Утром Аглая Тихоновна накормила ее на завтрак горячими блинчиками с малиновым вареньем. Выглядели блинчики безукоризненно, из чего Катя сделала вывод, что душевное состояние хозяйки за ночь понемногу пришло в норму. После завтрака позвонила Глаша, сказала, что едет домой и везет Аню с собой, потому что та не может оставаться одна.

Жалостливая Аглая Тихоновна тут же затеялась с новой партией блинов, а заодно еще с куриным бульоном на обед, так что Катя убежала в театр без особой тяжести на душе. Было понятно, что в данный момент никому из Колокольцевых ничего не угрожает. А вот дальше…

Решившись, наконец, набрать нужный номер, Катя глубоко вздохнула, как перед прыжком в воду.

– Здравствуйте, Екатерина, – услышала она низкий и, кажется, чем-то довольный голос в трубке. – Не ожидал вас услышать, хотя, признаться, очень рад. У вас какое-то дело?

На мгновение Кате стало стыдно, что ее действия были столь очевидными. Действительно, она не могла позвонить одному из своих учеников ни за чем иным, кроме как по делу. Даже о репетициях они договаривались всегда письменно, через созданный специально для участников Открытого театра чат в Вотсапе, а никаких других причин для неожиданных звонков следователю Бекетову у актрисы Холодовой не было и быть не могло.

– Владимир Николаевич, мне нужна ваша помощь, – уныло сказала она.

– Да, конечно. Что-то случилось?

– Случилось, хотя и не у меня, – быстро сказала Катя. Почему-то ей было неприятно от мысли, что этот человек может решить, будто в неприятности могла вляпаться она сама. – Владимир Николаевич, вы вчера рассказали мне про труп пожилой женщины, которую нашли на Цветном бульваре…
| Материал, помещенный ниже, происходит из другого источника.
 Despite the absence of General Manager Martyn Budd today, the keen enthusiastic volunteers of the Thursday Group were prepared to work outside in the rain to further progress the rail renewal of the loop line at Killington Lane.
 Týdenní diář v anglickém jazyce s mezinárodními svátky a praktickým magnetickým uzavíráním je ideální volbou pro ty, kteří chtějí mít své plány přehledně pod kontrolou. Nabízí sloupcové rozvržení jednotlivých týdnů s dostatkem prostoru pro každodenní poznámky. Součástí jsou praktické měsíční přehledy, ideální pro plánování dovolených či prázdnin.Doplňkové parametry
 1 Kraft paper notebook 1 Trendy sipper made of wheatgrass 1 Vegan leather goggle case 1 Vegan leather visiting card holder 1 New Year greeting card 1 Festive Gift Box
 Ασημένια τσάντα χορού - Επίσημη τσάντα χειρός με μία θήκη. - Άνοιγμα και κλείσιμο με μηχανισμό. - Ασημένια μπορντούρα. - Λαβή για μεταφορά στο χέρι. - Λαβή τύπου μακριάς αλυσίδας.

– Да-да, вы еще заволновались, что это может быть кто-то из ваших знакомых, – сказал Бекетов. – Но мы еще вчера установили, кто эта женщина, так что у вас совершенно точно нет поводов для беспокойства.

– В том-то и дело, что есть, – сказала Катя, слушая настороженное дыхание в трубке. – Видите ли, убитая – бабушка моей коллеги. Мы в театре занимаем одну гримерку, так что Аня вечером позвонила, чтобы рассказать, что случилось.
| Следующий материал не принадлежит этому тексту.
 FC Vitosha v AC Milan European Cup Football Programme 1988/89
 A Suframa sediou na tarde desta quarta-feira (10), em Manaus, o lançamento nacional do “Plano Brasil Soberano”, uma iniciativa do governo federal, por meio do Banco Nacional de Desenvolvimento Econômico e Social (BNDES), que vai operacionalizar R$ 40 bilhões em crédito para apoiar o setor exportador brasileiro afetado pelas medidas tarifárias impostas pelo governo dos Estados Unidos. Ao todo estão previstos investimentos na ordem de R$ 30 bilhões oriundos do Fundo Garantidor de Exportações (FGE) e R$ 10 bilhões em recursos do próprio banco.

– И теперь вы заботитесь об этой коллеге, – то ли спросил, то ли констатировал Бекетов.

– Нет. О ней заботится ее близкая подруга, Аглая Колокольцева. Но дело в том, что тут все так запутано… Убитая оказалась одноклассницей Глашиной бабушки, той самой немолодой дамы, к которой я вчера торопилась на день рождения. Они с Аней тоже должны были прийти в гости, но не пришли, а потом Аня позвонила, и Аглая Тихоновна разволновалась ужасно. А ей нельзя волноваться, потому что она уже немолода.

– Вы меня совершенно запутали, Екатерина, – сообщил Бекетов. – Анне Демидовой двадцать четыре года, Аглая Колокольцева – ее подруга и однокурсница, почему же она немолода?
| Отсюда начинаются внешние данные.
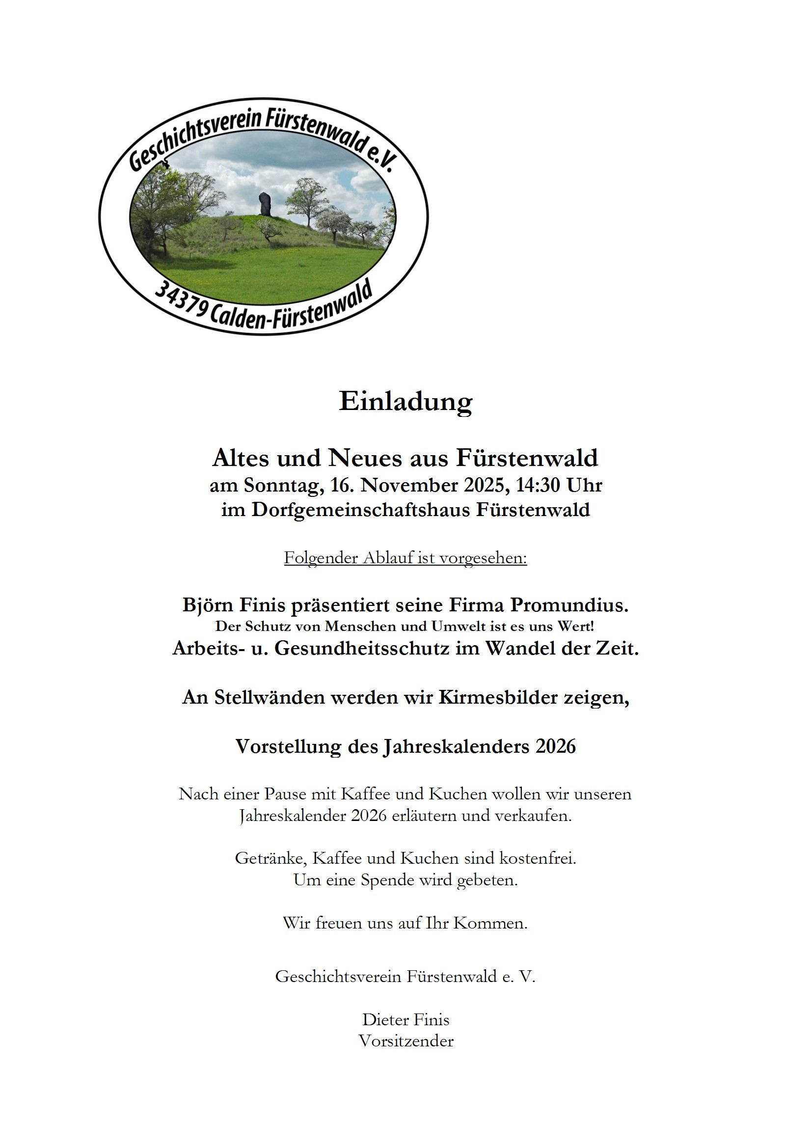 Geschichtsverein So. 16.11.2025 – 14:30 Uhr -Altes und Neues aus Fürstenwald- -Vorstellung des Jahreskalenders 2026-Allgemein, Geschichtsverein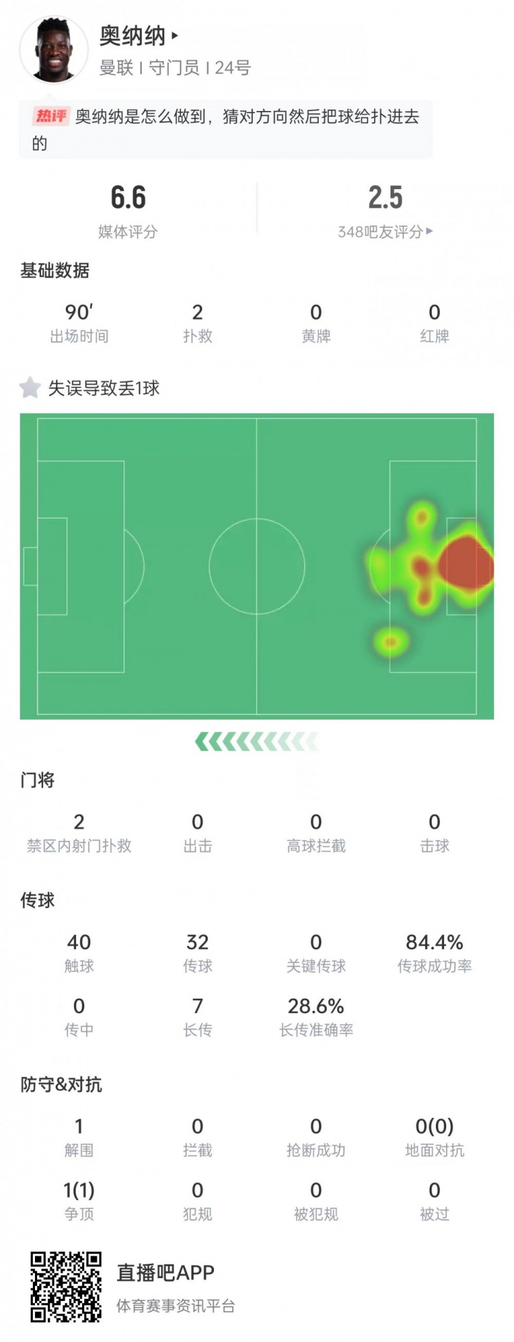 奥纳纳本场数据:作念出2次扑救&出击舛错导致丢球,获评6.6分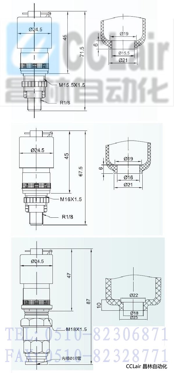 •本產品安裝在自動排水器、空氣過濾器、空氣過濾減壓閥的水杯底部,能自動排放積聚在水杯中的冷凝水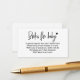 Animar a los huéspedes a que ayuden a construir la primera biblioteca del bebé con estas tarjetas de ducha de personalizable "Books for Baby". Con un guión moderno con un acento cardíaco dulce, estas tarjetas de solicitud invitan a la familia y amigos a traer un libro muy apreciado en lugar de una tarjeta. Personalice los detalles de la ducha de bebé para crear un conservador significativo que se empareje maravillosamente con las invitaciones. Una forma cuidadosa de empezar una colección de historias y recuerdos para el pequeño. Personalizable de vuelta para incluir la fecha y el nombre del evento.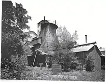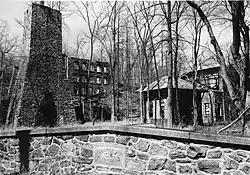 In 1891, Col. Potts began building a nearby chateau-like mansion, "Langoma" (1891–95, Theophilus P. Chandler, Jr., architect),[15] which he intended as a residence for himself and his son William.[16] However, he died in December 1893 and did not live to see it completed. William, his wife, and mother did move into "Langoma", but ironmaking at the furnace ended in April 1894, not long after Col. Potts' death. It was the last iron furnace operating in Chester County.[3] The furnace and railroad spur were left largely intact, although unused. The slow dilapidation of the furnace produced a remarkable aesthetic effect. Henry Seidel Canby referred in 1935 to "its moldering cupola furnace, like a Persian mosque of the twelfth century, its long walls and sleepy half-drained dam."[17] This slow decay was accelerated after the death of William M. Potts in 1943, when the railroad was taken up and other metal was reclaimed for scrap. Even after this, HABS photographer Ned Goode said of the furnace in 1959 that "its wild setting in an over-grown field is quite striking".[3]

– Нет-нет, Глаше тоже двадцать четыре года, а Аглая Тихоновна – ее бабушка, их просто зовут одинаково. Это у них такая семейная традиция – называть внучку в честь бабушки.

– Надо же, оказывается, это модно.

– Что модно? – не поняла Катя.

– Называть внучку в честь бабушки. Вашу коллегу Демидову тоже назвали в честь бабушки, вот что любопытно.

– Не поняла. Анину бабушку звали Антониной, хоть я и не была с ней знакома, но это успела узнать.

– Так и вашу коллегу по паспорту зовут Антониной. Вчера, когда я с ней беседовал, она рассказала мне, что по паспорту она Антонина Демидова, и бабушка всю жизнь звала ее Тонечкой. Собственно, в родном Владивостоке ее все так звали, и только приехав в Москву, она решила, что для актрисы «Анна Демидова» звучит более подходяще. Ее бабушке это, кстати, не нравилось. У нее смолоду был какой-то пунктик, что это шикарно, когда женские имена в семье передаются через поколение.

– Я думаю, что это у нее от Колокольцевых, – сообразила Катя. – Видите ли, Аглая Тихоновна мне рассказывала, что у нее была удивительная бабушка. Ее тоже звали Аглаей. Аглаей Дмитриевной. И подружки, которые приходили к Колокольцевым домой, считали это шикарным. Она рассказывала, что бабушка оказала огромное влияние на их воспитание, девочки, среди которых была и Антонина, ее просто обожали. Естественно, что свою внучку она назвала Глашей, и, видимо, Антонина решила в своей семье тоже завести такую традицию.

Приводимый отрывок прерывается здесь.